Omar Bully Drammeh

Personal information
- Full name: Omar Bully Drammeh
- Date of birth: 21 November 2002 (age 23)
- Place of birth: Oslo, Norway
- Height: 1.77 m (5 ft 10 in)
- Position: Midfielder

Team information
- Current team: Vålerenga
- Number: 31

Youth career
- 2014–2017: Romsås
- 2017: Vålerenga
- 2018: Lillestrøm

Senior career*
- Years: Team / Apps / (Gls)
- 2019–2022: Grorud / 29 / (3)
- 2023–: Vålerenga 2 / 21 / (0)
- 2023–: Vålerenga / 2 / (0)

= Omar Bully Drammeh =

Norwegian football player (born 2002)

Omar Bully Drammeh (born 21 November 2002) is a Norwegian professional footballer who plays as midfielder for the Norwegian club Vålerenga.

==Career==
Drammeh started playing football for local side Romsås at the age of twelve. Later he would continue his youth career at Vålerenga Fotball, however he later left the club due to reported "lack of seriousness". He then went to play for rival club Lillestrøm, but also this spell was short-lived due to similar reasons.

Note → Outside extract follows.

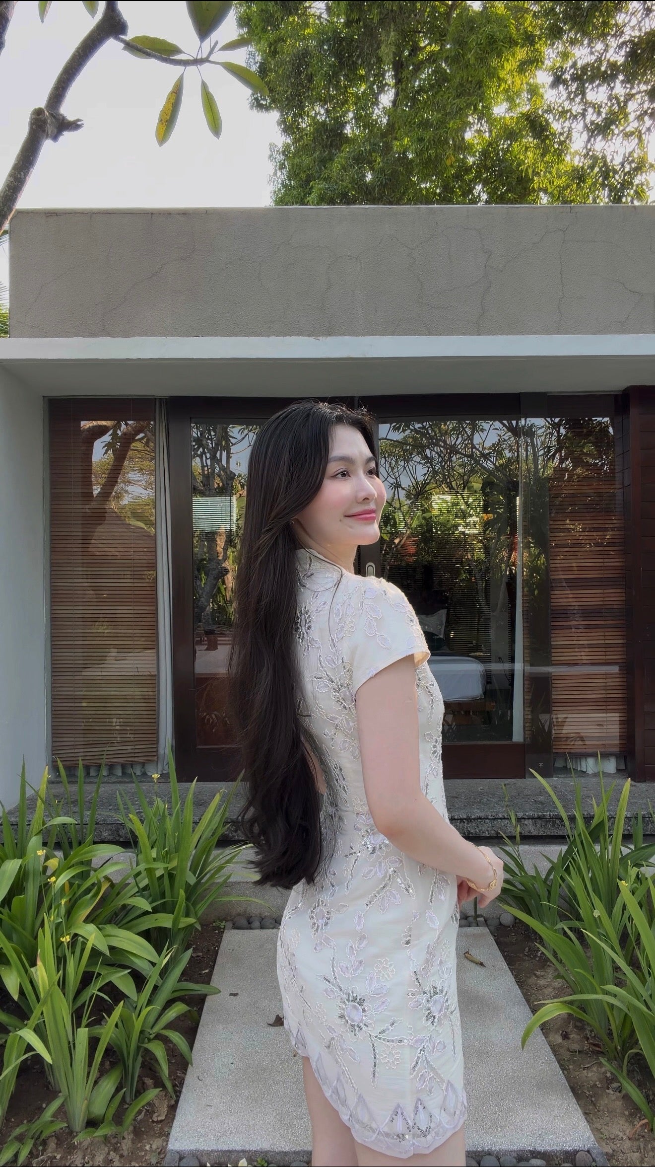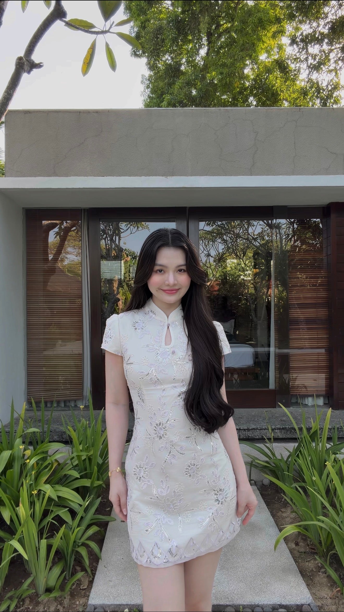 SHIMMERING WHITE SEQUIN EMBROIDERED SHORT CHEONGSAM 鳞光闪烁 SC1009

In 2019, he returned to Oslo to play for Grorud. Despite getting his league debut for the club on the 20 July, he mainly spent the first season with the reserve team. In the following seasons he established himself as a first team player, but due to several injuries he was never able to play a full season.

On 16 November 2022, Drammeh returned to his childhood club Vålerenga, signing a four-year contract. He got his first team debut on 24 September 2023, playing the last 13 minutes in a 4–2 loss against Bodø-Glimt.